VHDL门控时钟如何避免 [英] VHDL Gated Clock how to avoid
问题描述
我收到了避免门控时钟的建议,因为这可能会导致松弛和计时成本问题。但是我想问一下,我可以像门控时钟那样考虑什么。
例如:
此代码具有门控时钟,因为StopCount对其进行了控制。
process(ModuleCLK)如果(rising_edge(ModuleCLK)和StopCount ='0')则
开始
如果ModuleEN ='0'则
然后
RESET < ; ='0';
POWER< =‘1';
EN< =‘0’;
CLOCK< = 0;
SERIAL< =‘0’;
elsif
此代码还控制了时钟?
进程(ModuleCLK)
如果ModuleEN ='0'开始
,则
RESET< ='0';
POWER< =‘1';
EN< =‘0’;
CLOCK< = 0;
SERIAL< =‘0’;
elsif(rising_edge(ModuleCLK))然后
门控时钟一词在ASIC技术中经常用于仅在满足条件(1)时才生成时钟脉冲的时钟,因此门控时钟是时钟源的属性。可以使用锁存器和AND门制作门控时钟,如下图所示,这种设计需要特别注意以解决您提到的时序问题,因此不适合FPGA设计:
您显示的代码使用触发器上的启用来更新触发器值,具体取决于启用,因此这是时钟启用,而不是门控时钟。
第一个代码可以并且应该被写为:
进程(ModuleCLK)是
begin
(如果rising_edge(ModuleCLK),则
,如果StopCount ='0',则
...-如果StopCount ='0',则在时钟更新
这反映了通常在FPGA中实现设计的方式,在该FPGA中,触发器始终被计时( ModuleCLK ),但仅在条件( StopCount ='0')为真时更新输出。

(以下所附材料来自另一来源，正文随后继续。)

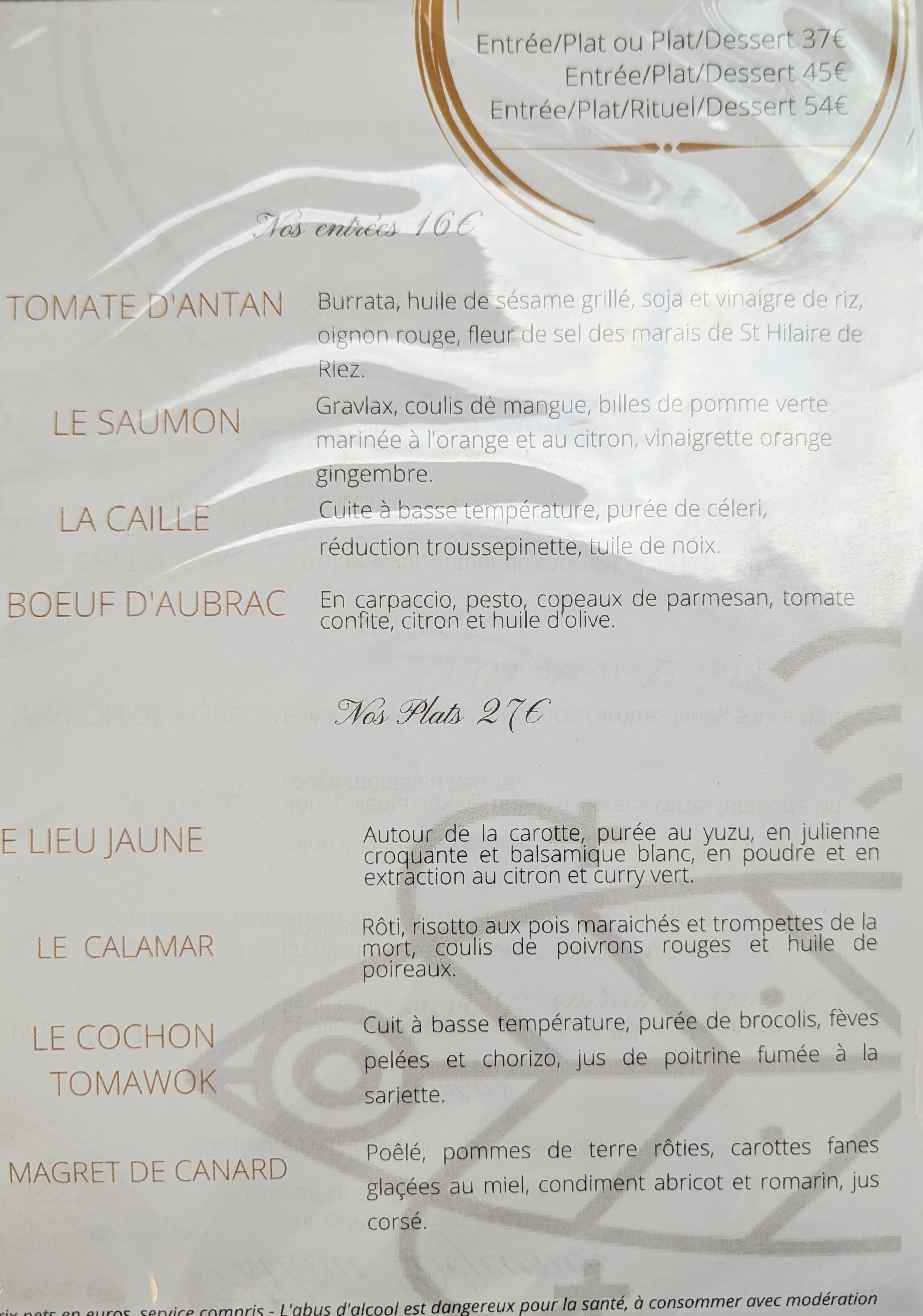 Nous avons trouvé le cadre très chaleureux ainsi que l accueil des serveurs très discret et à l écoute de nos envies. L originalité des plats nous a beaucoup plus. Très bon moment passé en amoureux. Nous retournerons avec plaisir. Nous recommandons ce lieu pour passer un agréable Repas.

第二个代码示例看起来像异步重置,只是该代码在敏感度列表中应该具有重置条件( ModuleEN )(问题中未填写)码)。由于触发器不需要时钟时钟来更改值,因此会发生异步复位。唯一的要求是重置条件为true,然后值的更改将与任何时钟异步发生。
这样一种在VHDL中正确编写触发器的方法是,输入 a 并输出 z ,就像:
进程(重置,时钟)是
如果重置='1',则开始
,然后
z< ='0';
elsif上升边缘(时钟),然后
(如果enable =‘1,则
z <= a;
结尾,如果;
结尾,如果;
结束程序;
在Altera Quartus II中,这会创建RTL数字,例如:
然后在Arria II设备中实现以下操作:
这表明触发器实际上是在时钟的每个上升沿更新的,因此时钟使能通过组合设计(LUT)实现,当enable为false(0)时将当前数据反馈到触发器,或者当enable为true(1)时从 a 给出新数据。
I've received an advice to avoid gated clock because it may cause problems with slacks and timing costraints. But I want to ask what I can consider like a gated clock. For example:
This code have gated clock because StopCount gate it.
process(ModuleCLK)
begin
if (rising_edge(ModuleCLK) and StopCount = '0') then
if ModuleEN = '0' then
RESET <= '0';
POWER <= '1';
EN <= '0';
CLOCK <= '0';
SERIAL <= '0';
elsif
This code have also gated clock?
process(ModuleCLK)
begin
if ModuleEN = '0' then
RESET <= '0';
POWER <= '1';
EN <= '0';
CLOCK <= '0';
SERIAL <= '0';
elsif (rising_edge(ModuleCLK)) then
The term "gated clock" is often used in ASIC technology for a clock where the clock pulse is only generated when a condition is true (1), so the gated clock is a property of the clock source. A gated clock can be made with a latch and AND gate, like show below, and that kind of design requires special attention to address the timing issues you mention, thus is not suited for FPGA design:
The code you have shown uses an enable on the flip-flop to update the flip-flop value depending on the enable, so this is a clock enable, not a gated clock.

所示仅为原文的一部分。